Silva: “I’m excited to hear the results…what can you tell me?”

Pillsbury: “Again, how many banks sign these agreements in the U.S. today?  We mean, what percentage of banks have these types of contracts?”

Silva: “All of them, 100%.  Maybe 5,000 banks and 5,000 credit unions is my guess.”

Pillsbury: “Uh.  Really?”

Silva: “Yes, really.  I’m not joking – so what’s the problem exactly”

Pillsbury: “Well, our firm has been around a long time and some of our senior partners have been around even longer and as far as we can tell, these agreements have not existed in the IT outsourcing world since the 1980s.  We don’t see these contract structures, legal terms or general business practices anywhere else in the real world today. They’re extinct”

Silva: “No sh&t?!”

It was the shot heard around the office.  The confirmation of bad news we had always surmised, always been suspicious of was now validated by some of the best and brightest lawyers out there.  These contracts – and their embedded Exclusivity Clauses – were a heap of crap and every bank in the country had a bag full of it.

It’s 2020 Folks – I can have what I want, when I want it!

Today no software has an exclusive relationship between the buyer and supplier.  With a tap of my finger I can delete any app on my iPhone. With a few clicks I can unplug any application or extension found in my Chrome browser.  If I want to drag and drop the Microsoft Word icon into the trash – so be it – Bill doesn’t hunt me down for money.

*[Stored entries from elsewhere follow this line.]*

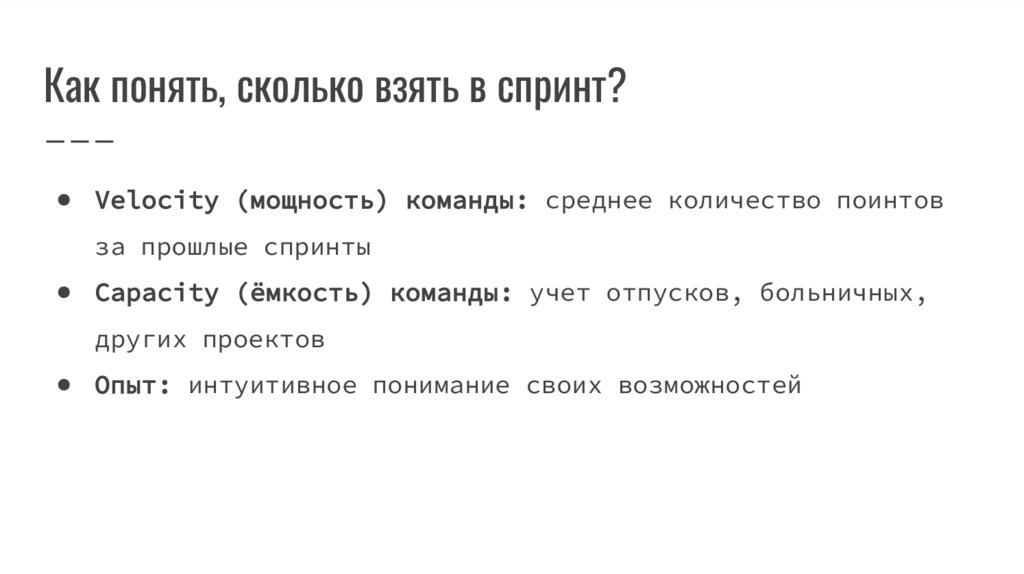 Как понять, сколько взять в спринт?● Velocity (мощность) команды: среднее количество поинтов
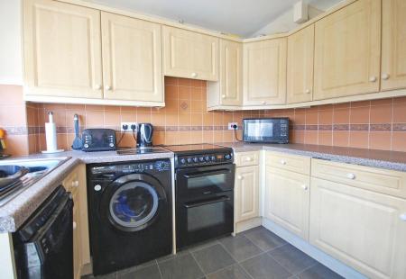 Double glazed window to rear aspect, matching wall and base units with roll top work surfaces, sinle bowl sink and drainer with central mixer taps, integrated fridge and freezer, space for dishwasher, washing machine and cooker, radiator, tiled flooring, smooth ceiling.
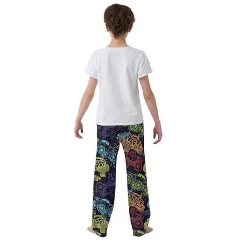 trending ! Boys' Pants Monster Truck Car Black Pattern Long Bottoms Jogger Pants Elastic Waist Trousers with Pockets S-XL

If I wasn’t married I could swipe left and swipe right to my heart’s content for dates.  If I don’t like E-Harmony I can switch to Tinder.  If I don’t like my iPhone I can pop my T-Mobile chip into an Android.  

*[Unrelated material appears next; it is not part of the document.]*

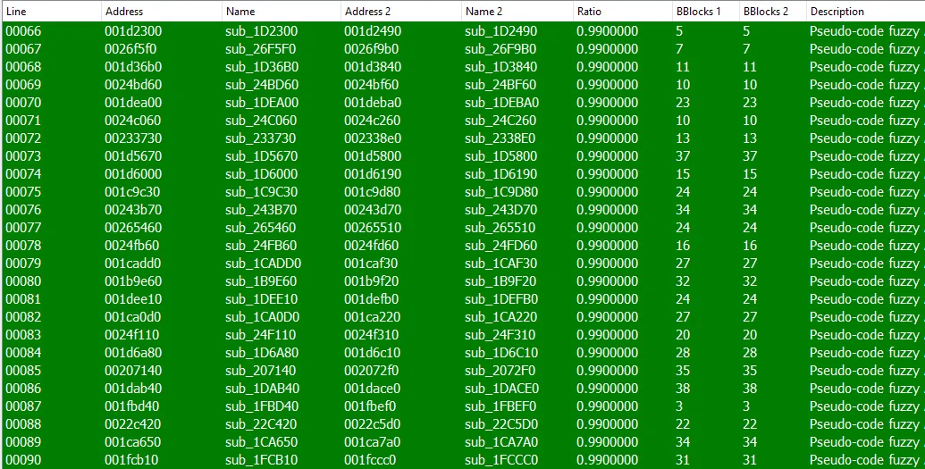 The diff output from Diaphora can be found below (don't worry, we will explain this as we go, but isn't it pretty?):

So why then do these core IT dinosaurs hold onto the Exclusivity bone?  Greed and ignorance I think. Greed because it’s just damn greedy! For a vendor to dictate to the client “partner” (you) that they’re the only relationship in town no matter how they perform and even if you end up hating their software and services – is very greedy.  Ignorance because bankers for years have allowed it and not known any better. This compliant behavior has permitted the EC term to be institutionalized into Core agreements for decades, always unchallenged. You’re not alone because I didn’t know any better either until I got confirmation from Pillsbury just a few years ago.  Ignorance can be bliss.

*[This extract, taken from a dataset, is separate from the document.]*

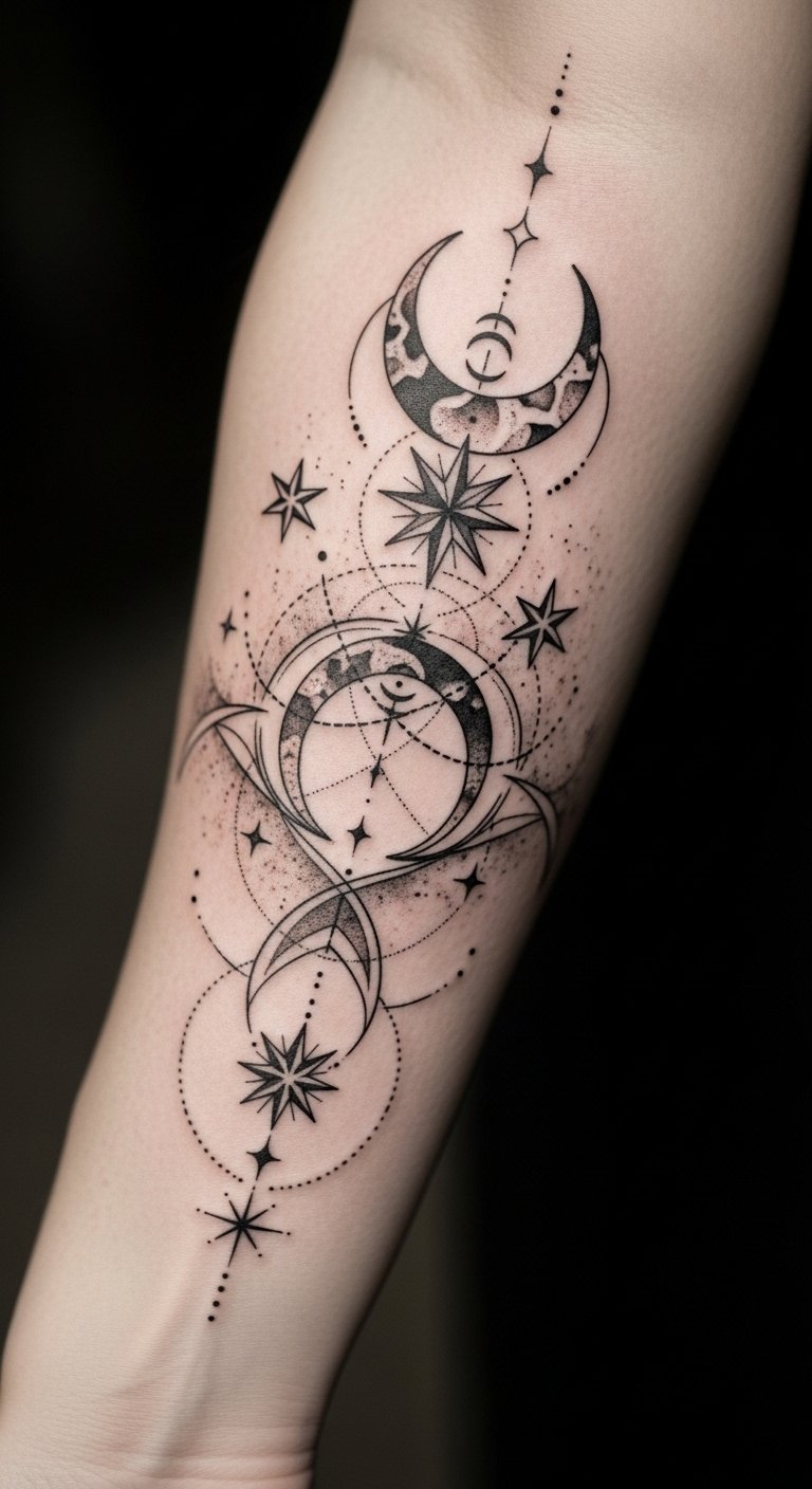 This tattoo symbolizes the connection between spirituality and the ethereal beauty of the night sky, embodying the wearer’s fascination with the gothic aesthetic. The placement on the forearm allows for visibility and personal expression, serving as a constant reminder of the mystical allure of life and the unknown. The intricate details invite admiration while reflecting a sense of individuality and depth in the wearer’s journey.

So what can a banker do about it?

Not much, yet – but that is changing fast.  It took decades for the EC to become a standard way of doing business and the legacy cores depend on the power it provides them in reporting revenue into the public markets.  Many institutions are beginning to challenge the EC because the industry is realizing that apart from carnal greed – the EC is limiting bankers options to adopt more competitive alternatives.  Fintech companies entering the market are starting to create a lot of pressure on the EC by avoiding long term contracts and encouraging a bank to leave their service if they are not working hard enough or innovating fast enough to earn the right to keep your business.  This is how all of the software we use on our computers and mobile phones work today. If they are not innovating and bringing us new features and functionality – deletion is easy because 10 other replacement apps that do the same thing are a minute’s download away.  

Therein lies the rub where the Big Three Oligopoly can continue to depend on the EC – there isn’t enough fintech competition (yet).  Fintech is coming and coming in big waves but it will be some years before legacy cores need to rethink the EC. I’ve believed for many years that the EC is unnecessary at a fundamental level because the business disruption and friction involved with a bank converting to another core system is barrier enough to prevent the behavior in any rampant way in the first place.  Today only 2% of all banks volunteer to switch cores.  

If I were to build a new core for banks the only exclusivity clause you would find in my contract would be a Dedication Clause which spells out an undying commitment to making software that makes community banks better, stronger and more competitive.  Maybe one day these cores will see the light and do what’s right.